Ilya Sychugov received his Master degree in nuclear physics from Moscow Engineering Physics Institute in 2001 and obtained his PhD degree in solid state physics from KTH Royal Institute of Technology, Stockholm in 2007. After Postdoc experience in Japan with Nippon Telegraph, Telephone Basic Research Labs, and National Institute of Material Science, he jointed KTH as an Assistant Professor in 2011, and became an Associate Professor in 2015. His research interests include nanomaterials for light conversion applications and photonic nanostructures. He has co-authored about a hundred of scientific papers and had a dozen of invited talks at international conferences. Ilya Sychugov is involved in teaching of physics courses in all three educational cycles.
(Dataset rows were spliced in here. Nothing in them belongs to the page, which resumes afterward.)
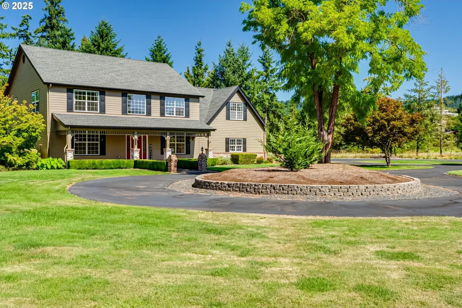 Incredible estate on 2 acres with a large shop near the scenic McKenzie River. Located in a special tucked away hidden gem of a neighborhood in East Springfield. This stunning home features a spacious primary suite with a walk-in closet and spa like bathroom, a versatile den on the main floor, elegant formal living and dining rooms, a gourmet island kitchen with a bright eating area, and a cozy great room with a fireplace. A large main level bonus room next to the great room has so many possibilities and there is also a family room upstairs. Outside, enjoy abundant blueberry plants and a custom built covered patio for an incredible outdoor living space. This covered patio couldn't be more perfect for large gatherings of family and friends and has the possibility to add an outdoor kitchen or TV viewing area. The 20x40 drive-through shop is ideal for storage of RV's, several boats, wood wo...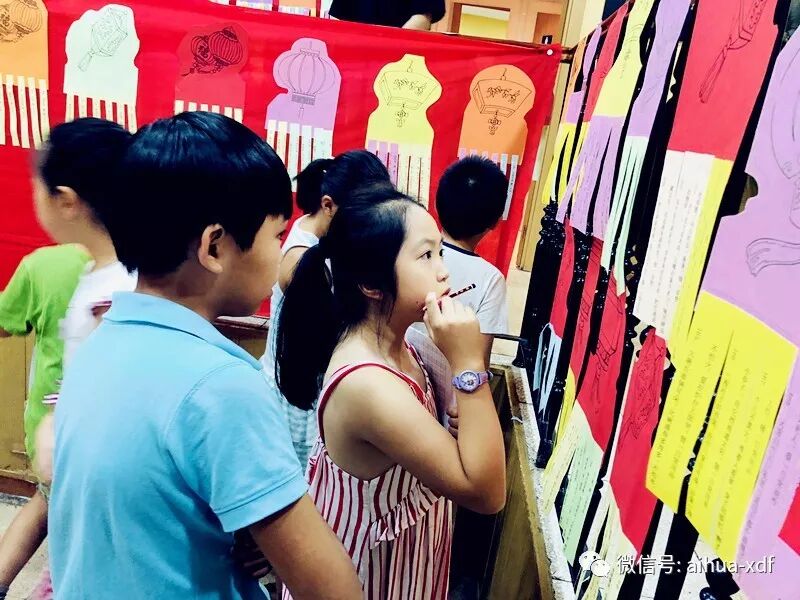 近千条精心设计的汉字谜语和五花八门的谜底让学生们个个欲罢不能。其实,打开孩子们强烈好奇心的不仅是汉字知识,还有隐藏其中的浓厚传统文化趣味,各班诞生的中秋“猜谜大王”,瞬间成了全场格外瞩目的“校园明星”。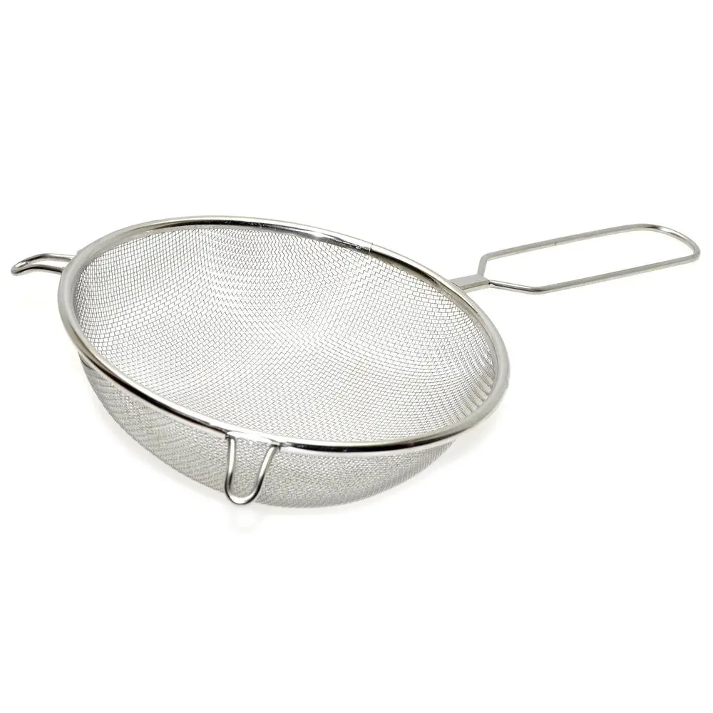 Сито всегда пригодится в хозяйстве, с его помощью можно процедить чаи, компоты, отвары трав, слить макароны. Модель диаметром 18 см подойдет также для промывания овощей и фруктов под краном. Изделие имеет простую конструкцию, состоит из мелкоячеистой сетки, ободка и ручки, изготовлено из нержавеющей стали. Материал долговечен, не ржавеет и не деформируется со временем, не вступает в реакцию с продуктами питания, поэтому изделие прослужит вам очень долго. На ободке имеются петельки, которые фиксируют сито на кастрюле или миске. Ручка выполнена таким образом, что за нее можно подвесить на крючок.

Alexander Azarov received his PhD degree with specialization in physics of semiconductors and physicalelectronics from St. Petersburg State Polytechnical University (Russia) in 2005. After that he worked several years as a researcher/process engineer at R&D company "Elar" specializing on the development and fabrication of CCD image sensors. In 2009 Dr. Azarov joined the University of Oslo in Norway after a postdoc position at Royal Institute of Technology, Sweden. Dr. Azarov is an expert in ion beam modification and ion-beam analysis of bulk materials, thin films, and nanostructures. At present the main area of his research activity is application motivated basic research focusing on defects diffusion and phase transformations in ion implanted materials including wide and ultra-wide bandgap semiconductors. Dr. Azarov has an active research collaboration with several research groups worldwide and he is author/co-author of more than 100 scientific papers in peer-reviewed journals.

This book describes analytical instruments widely used to characterize the nanostructured materials. It provides information about how to assess material quality, defects, the state of surfaces and interfaces, element distributions, strain, lattice distortion, and electro-optical properties of materials and devices. The information provided by this book can be used as a back-up for material processing, material design and debugging of device performance. The basic principles and methodology of each analysis technique is described in separate chapters, adding historic perspectives and recent developments. The data analysis, from simple to advanced level, is introduced by numerous examples, mostly taken from the authors' fields of research; semiconductor materials, metals and oxides. 

The book serves as a valuable guide for scientists and students working in materials science, physics, and engineering, who wish to become acquainted with the most important analytical techniques for nanomaterials.